Augmenting a Tradition
Adding a dash of new music is appropriate and even necessary for an American West Coast operation, McGegan says, that lacks — for better and worse — the vast traditional repertoire legacy of European HIP orchestras or even Boston’s venerable Handel & Haydn Society. “We don’t have 150 years of heritage to live up to, we can’t wrap ourselves in the flag like [French Baroque orchestra] Les Arts Florissants. The only way to develop a repertoire that large is to create it. We can be the bad boys on the block!”

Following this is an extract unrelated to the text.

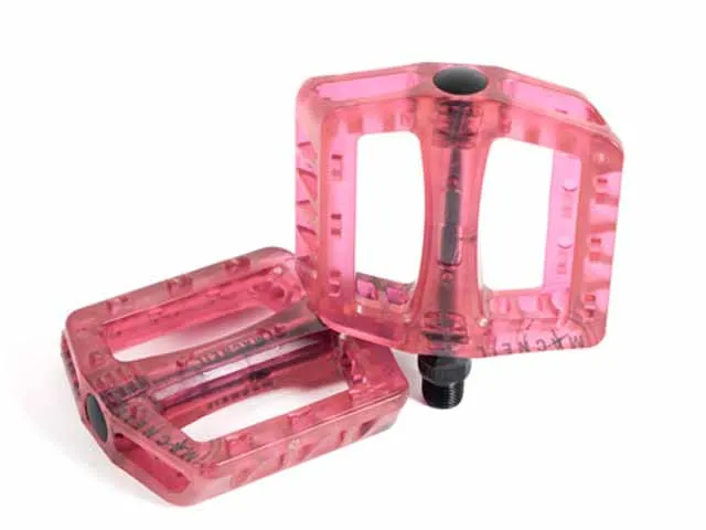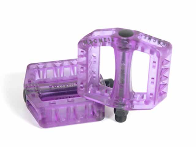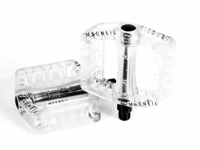 Die MacNeil "Gauge" Pedale sind die Kunststoff Pedale aus dem Hause MacNeil Bikes. Der Körper ist aus hochwertigem Polycarbonat und Logos wurden mit Lasern in den Körper geätzt. Erhältlich sind die MacNeil "Gauge" Pedale in lila-clear, clear und rot-clear.
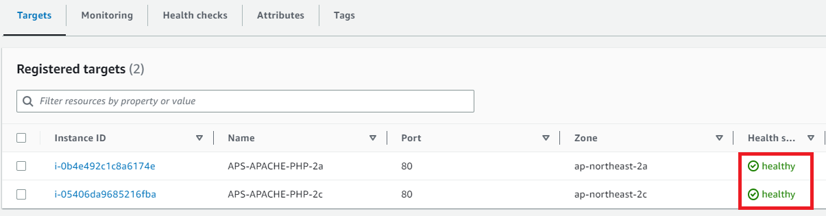 ec2 > Target Groups 에서 Health status가 healthy인지 확인.

PBO is looking for composers sympathetic to its sound, and willing to work with the musicians to learn the ins and outs of unfamiliar instruments. “We need that personal way of doing it where the composers will be there to talk to the musicians, rather than a mail order commission from a big name,” McGegan says. “This initiative is about having composers write something for us and working with us to produce the piece. If we just sort of asked somebody we didn’t know, it’s not the same. We want people who are interested in the sounds and ethos of the 18th century and who will take it and make it their own language, in much the way composers of the past did” with music from before their time.
He thinks many composers will cherish the special sonorities of Baroque instruments as opposed to those who admit only the “one-sound-fits-all aesthetic I grew up with that would use the same style with Bach and Tchaikovsky. Period instruments are not primitive versions of modern instruments. There are things that period instruments can do that modern ones can’t — flutes can glissando, the different sounds of gambas and others that have fallen out of the modern orchestra — those sounds not generally found in today’s orchestras are exciting for a composer to experiment with.”

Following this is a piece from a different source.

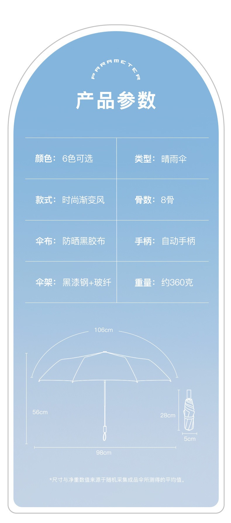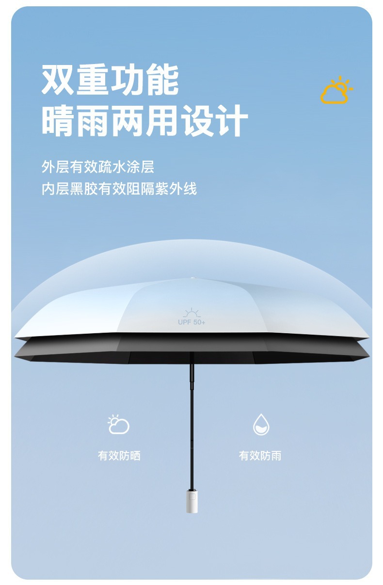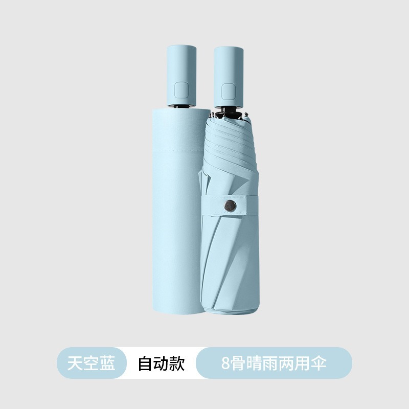 3 배 그라디언트 자동 우산 접히는 두 배 여성의 완전 자동 햇빛과 비 이중 목적 선 스크린 검은 고무 우산 인쇄 가능한 로고

He enjoys the opportunity to work with composers, to show them the instruments’ limitations and potential — a rare opportunity for him and PBO musicians. “I usually just work with the European dead,” he cracks.
So far, he’s signed up acclaimed composers like Matthew Aucoin, Jake Heggie, and Pulitzer Prize-winner Caroline Shaw, who will appear with Beamish in PBO’s October 10 Sessions concert to inaugurate the series with a presentation of their own new music for old instruments and that of female composers from the Baroque era.
Embracing Risk
There’s some risk involved in challenging audiences for what is a relatively narrow niche — historically informed performance — with music that ranges beyond the usual 16th-18th-century comfort zone. But McGegan contends that, unlike a few decades ago when even playing a composer as relatively “late” as Mozart in a PBO show might produce grumbles and even wails from purists, “today’s audience is much more sophisticated and curious. Our audience really does have inquiring minds — and also a good knowledge of what we’ve done in the past. They will hear a new piece with that background, coming to it with a good basis to take it in.” And really, as immortal as they are, how many times can Bach, Handel, Vivaldi, Telemann and more obscure names operating in a relatively narrow stylistic range continue to lure even hardcore fans back?
“Of course, we’ll have people who will complain,” McGegan admits, “but running the Philharmonia is like running a restaurant: There are going to be things people will not like. Therefore, you have to have a varied menu. There’s always going to be somebody who says, ‘I don’t like that,’ and that’s fine, give them something else. If you only played the safest stuff you’d be a music [fill in name of bland chain restaurant whose lawyers McGegan would rather not annoy]. I would hope that for the five audience members who’ll hate it, maybe we’ll get 50 who’ll love it and wouldn’t have come otherwise.”
Besides keeping the instruments constant, McGegan aims to entice his core audience to new music by programming old and new works side by side and showing connections between them. This month’s Judas Passion concerts also have a short Telemann work that also features flute, underlining the flute’s historically darker role, going back to ancient Greece and Rome, rather than the emotions than we typically associate with it today.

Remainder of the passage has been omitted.